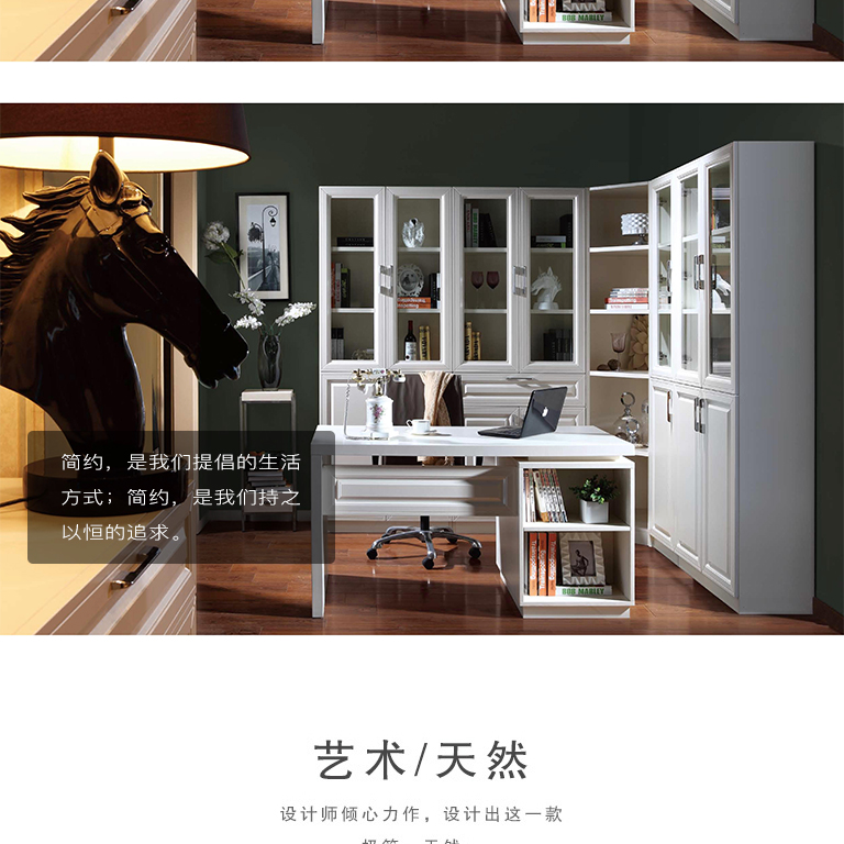 | 細(xì)節(jié)描述 | 展示主人的收藏藝術(shù)。通過局部鏤空封閉,在視覺上更具有變化性,營造出精致高雅的書房氛圍。 |
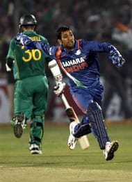 With 2 runs needed to tie the game, Parnell scampered across for a second after he played the final delivery to third man, only to be excellently intercepted by Sreesanth, who ran out his opposite number, thus ensuring an enthralling one run win for Dhoni’s boys.
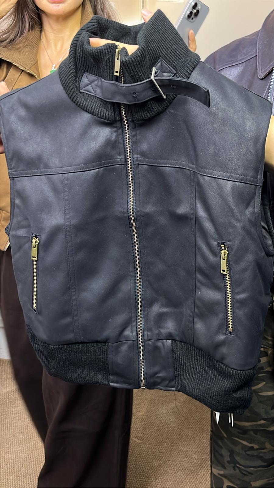 老錢風馬甲 黑色和卡其色(鹿絨)
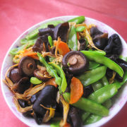 荷兰豆、木耳、金针菜、香菇、胡萝卜、味精、盐。
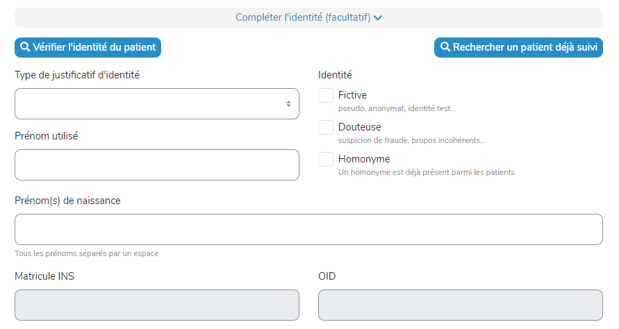 • Plusieurs identités trouvées : Vous êtes invité à compléter les informations, notamment le code INSEE de naissance.
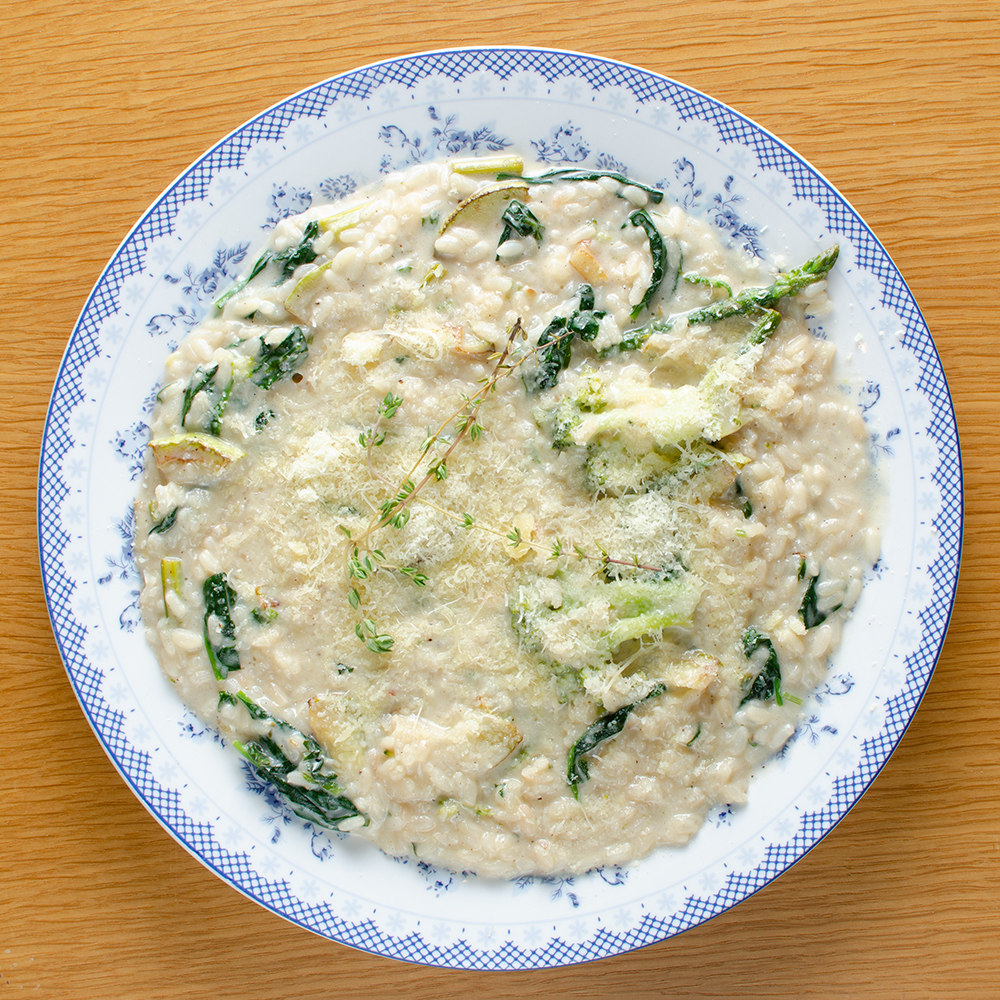 asparagus, broccoli, zucchini, baby spinach, cream, parsley, thyme, garlic, Parmigiano Reggiano aged 24 m., wine, butter
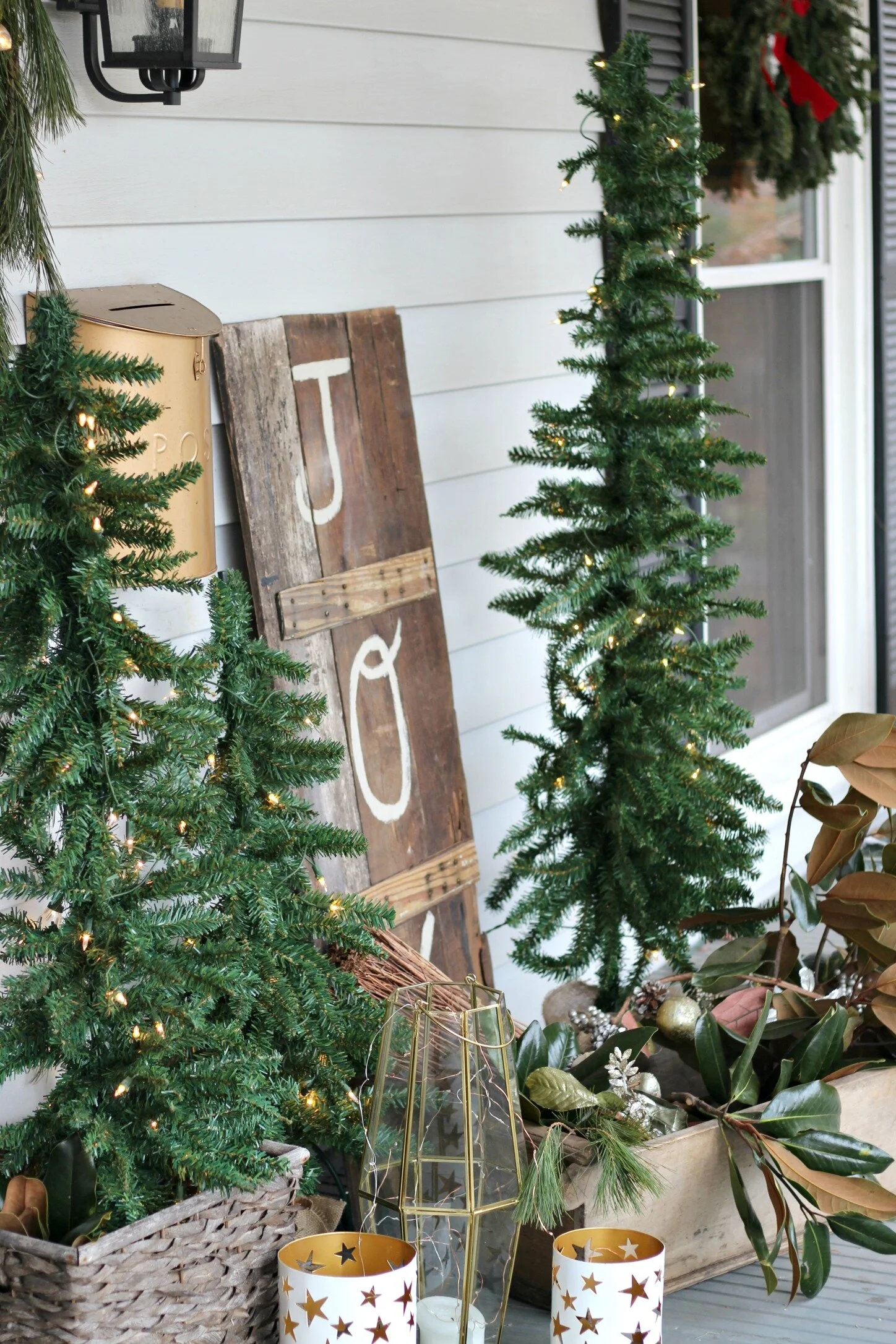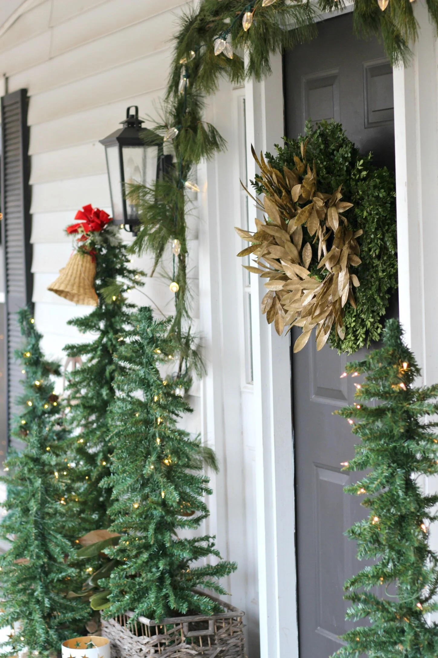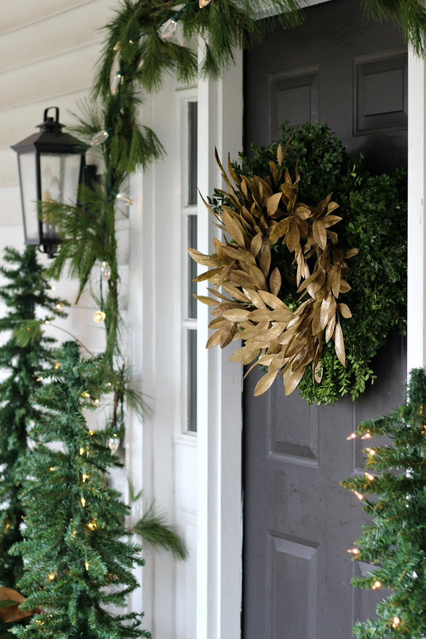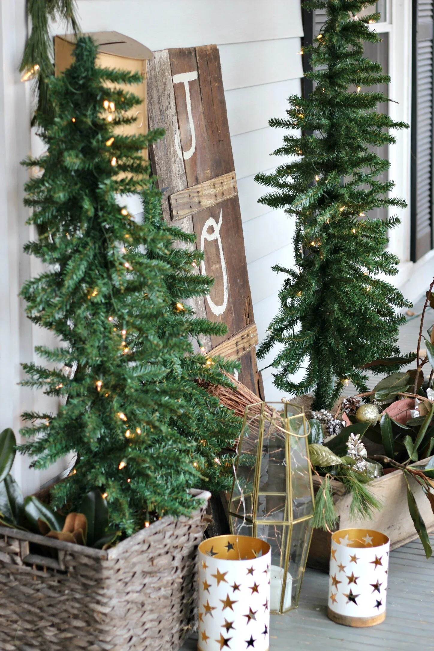 I still have to pinch myself when it comes to decorating our front porch, because I just can't get used to having SO much great space to deck out! We lined the roof lines on the front of our house with lights as well as the columns and staircase on our porch. My favorite element of the porch is the collection of trees and lanterns on each side of the front door. I clustered lots of different sized twig trees, placing some in old buckets or baskets. The trees I used were all pre-lit and came in a 3-pack from Big Lots (all slightly different heights). These were on sale for only $25 for the set of 3 on Black Friday, so I purchased two sets for the porch. Big Lots always seems to have great deals on basics like this for Christmas decorating on Black Friday and these are some of my favorite finds ever from there. I will be able to use them for years to come inside or out. I also used lots of various gold lanterns that I had been collecting from Homegoods + Target throughout the year (and usually used on our side porch) filled with battery-powered twinkle lights for some extra sparkle.
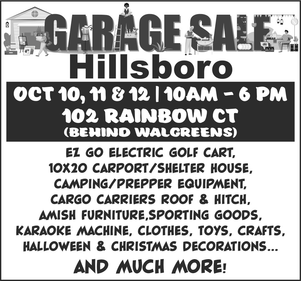 Oct 08, 2025. Garage Hillsboro (October 10, 11 & 12, 2025) Garage Sale Ads from Times Gazette
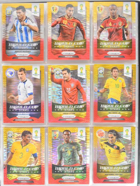 Panini Prizm 2014 World Cup football trading card set appearing complete, yellow red pulsar variant, comprising Base, Guardians, Netfinders, Aerial Assault, Matchups, World Cup Stars etc, to include Lionel Messi, Pele, Cristiano Ronaldo, Wayne Rooney, Steven Gerrard, Didier Drogba, Neymar Jr, Jurgen Klinsmann, Roberto Baggio, Cafu, Marouane Fellaini and Eusebio. Total card count 411.
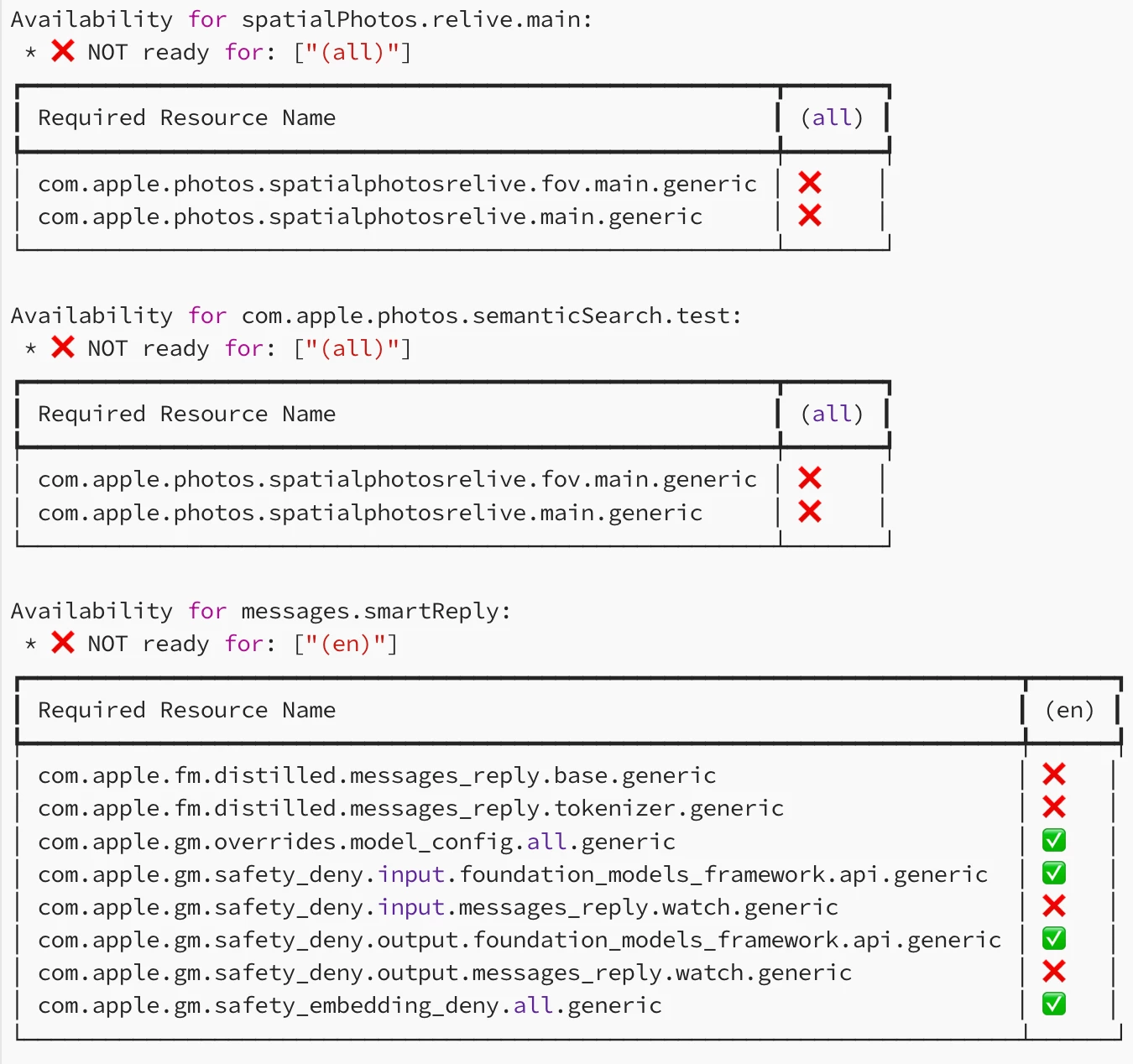 But what if… all that information was hiding on your very Mac in a system diagnostics, your Mac quietly generates a Model Catalog inside sysdiagnose that lists feature availability, languages, and — critically — which resources are server-side! For those that do not know, you can run a system diagnostics and explore the zip file created to potentially find some interesting tidbits about your Mac.
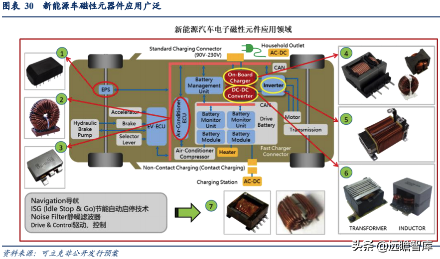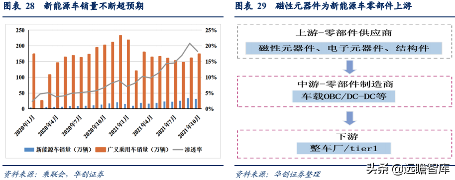 (一)车载&充电桩磁性元器件应用广泛,800V 架构下车载磁性元器件国产替代加速新能源车销量不断超预期,车载磁性元器件应用广泛。 2021 年初乘联会预测 2021 全年国内新能源车销量 200 万辆,2025 年销量 600 万辆,5 年 CAGR 34.4%,而 2021 年 1~10月国内新能源车实际销量就达 213.8 万辆,超过全年预期。磁性元器件为新能源车 OBC、DC/DC 等零部件上游,磁性元器件在车载应用包括车载充电机 OBC 电感/变压器、低压直流转换器电感/变压器(low DC/DC)、高压直流转换器电感(high DC/DC)、滤波器等。
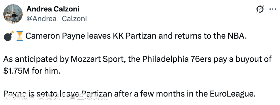 北京时间2月16日,据塞尔维亚媒体Meridian sport报道,卡梅隆-佩恩将重返NBA,和76人签约,塞尔维亚篮球俱乐部贝尔格莱德游击获得175万美元的补偿金。

The task = The answer consists of the records repeated exactly, without any images.

Solved problem =
 | 細(xì)節(jié)描述 | 展示主人的收藏藝術(shù)。通過局部鏤空封閉,在視覺上更具有變化性,營造出精致高雅的書房氛圍。 |
 With 2 runs needed to tie the game, Parnell scampered across for a second after he played the final delivery to third man, only to be excellently intercepted by Sreesanth, who ran out his opposite number, thus ensuring an enthralling one run win for Dhoni’s boys.
 老錢風馬甲 黑色和卡其色(鹿絨)
 荷兰豆、木耳、金针菜、香菇、胡萝卜、味精、盐。
 • Plusieurs identités trouvées : Vous êtes invité à compléter les informations, notamment le code INSEE de naissance.
 asparagus, broccoli, zucchini, baby spinach, cream, parsley, thyme, garlic, Parmigiano Reggiano aged 24 m., wine, butter
 I still have to pinch myself when it comes to decorating our front porch, because I just can't get used to having SO much great space to deck out! We lined the roof lines on the front of our house with lights as well as the columns and staircase on our porch. My favorite element of the porch is the collection of trees and lanterns on each side of the front door. I clustered lots of different sized twig trees, placing some in old buckets or baskets. The trees I used were all pre-lit and came in a 3-pack from Big Lots (all slightly different heights). These were on sale for only $25 for the set of 3 on Black Friday, so I purchased two sets for the porch. Big Lots always seems to have great deals on basics like this for Christmas decorating on Black Friday and these are some of my favorite finds ever from there. I will be able to use them for years to come inside or out. I also used lots of various gold lanterns that I had been collecting from Homegoods + Target throughout the year (and usually used on our side porch) filled with battery-powered twinkle lights for some extra sparkle.
 Oct 08, 2025. Garage Hillsboro (October 10, 11 & 12, 2025) Garage Sale Ads from Times Gazette
 Panini Prizm 2014 World Cup football trading card set appearing complete, yellow red pulsar variant, comprising Base, Guardians, Netfinders, Aerial Assault, Matchups, World Cup Stars etc, to include Lionel Messi, Pele, Cristiano Ronaldo, Wayne Rooney, Steven Gerrard, Didier Drogba, Neymar Jr, Jurgen Klinsmann, Roberto Baggio, Cafu, Marouane Fellaini and Eusebio. Total card count 411.
 But what if… all that information was hiding on your very Mac in a system diagnostics, your Mac quietly generates a Model Catalog inside sysdiagnose that lists feature availability, languages, and — critically — which resources are server-side! For those that do not know, you can run a system diagnostics and explore the zip file created to potentially find some interesting tidbits about your Mac.
 (一)车载&充电桩磁性元器件应用广泛,800V 架构下车载磁性元器件国产替代加速新能源车销量不断超预期,车载磁性元器件应用广泛。 2021 年初乘联会预测 2021 全年国内新能源车销量 200 万辆,2025 年销量 600 万辆,5 年 CAGR 34.4%,而 2021 年 1~10月国内新能源车实际销量就达 213.8 万辆,超过全年预期。磁性元器件为新能源车 OBC、DC/DC 等零部件上游,磁性元器件在车载应用包括车载充电机 OBC 电感/变压器、低压直流转换器电感/变压器(low DC/DC)、高压直流转换器电感(high DC/DC)、滤波器等。
 北京时间2月16日,据塞尔维亚媒体Meridian sport报道,卡梅隆-佩恩将重返NBA,和76人签约,塞尔维亚篮球俱乐部贝尔格莱德游击获得175万美元的补偿金。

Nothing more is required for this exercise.